For this reason, best-practice management of kissing spine includes a professional saddle fit evaluation alongside the veterinary treatment, and often a rider biomechanics assessment by a qualified trainer or equestrian physiotherapist. Addressing all three components — the horse's pathology, the equipment, and the rider — produces significantly better long-term outcomes than treating the horse alone.
✅ Action Steps — While Contacting Your Vet
- Contact your veterinarian for a back examination — do not increase training pressure on a horse showing resistance that may have a physical cause
- Arrange a saddle fit evaluation by a qualified fitter — often the most immediately impactful intervention
- Document the specific behaviors: when they occur (saddling, mounting, transitions, collected work), how long present, and any correlation with workload changes
- Ask about imaging options — radiographs provide a starting point; bone scan (scintigraphy) identifies active inflammation; MRI evaluates soft tissue involvement
- Discuss rehabilitation exercise protocols — baited stretches, core work, pole and cavaletti work are typically part of comprehensive management
📋 Prevention & Long-Term Management Discussion Points
- Saddle fit reassessment — essential component of any kissing spine management plan
- Rider position evaluation — asymmetric rider weight is a significant contributing factor
- Rehabilitation progression — specific exercises that build thoracolumbar strength and promote proper back movement
- Return to collected work timeline — typically gradual and vet-guided based on treatment response
- Recurrence prevention — ongoing saddle management, appropriate conditioning, and monitoring for recurrence of back pain signs
Questions to Ask Your Veterinarian
- How significant is the radiographic contact relative to what you typically see, and do nerve blocks confirm that this is the pain source?

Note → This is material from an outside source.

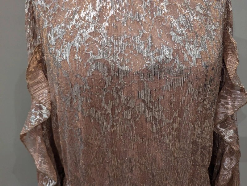A stunning gold metallic chiffon dress from Next, featuring frilled edges on the sleeves and skirt. The dress has an elegant half open back and a button at the rear neckline. Perfect for evening occasions.

- Which treatment approach do you recommend for this horse's severity and use?
- What is the typical recovery and return-to-work timeline after the treatment you recommend?
- Should we involve a saddle fitter, and should we also evaluate the rider's position?
- What specific rehabilitation exercises should we start and when?
- What signs should prompt me to call you — for instance, if treatment isn't producing improvement within a certain timeframe?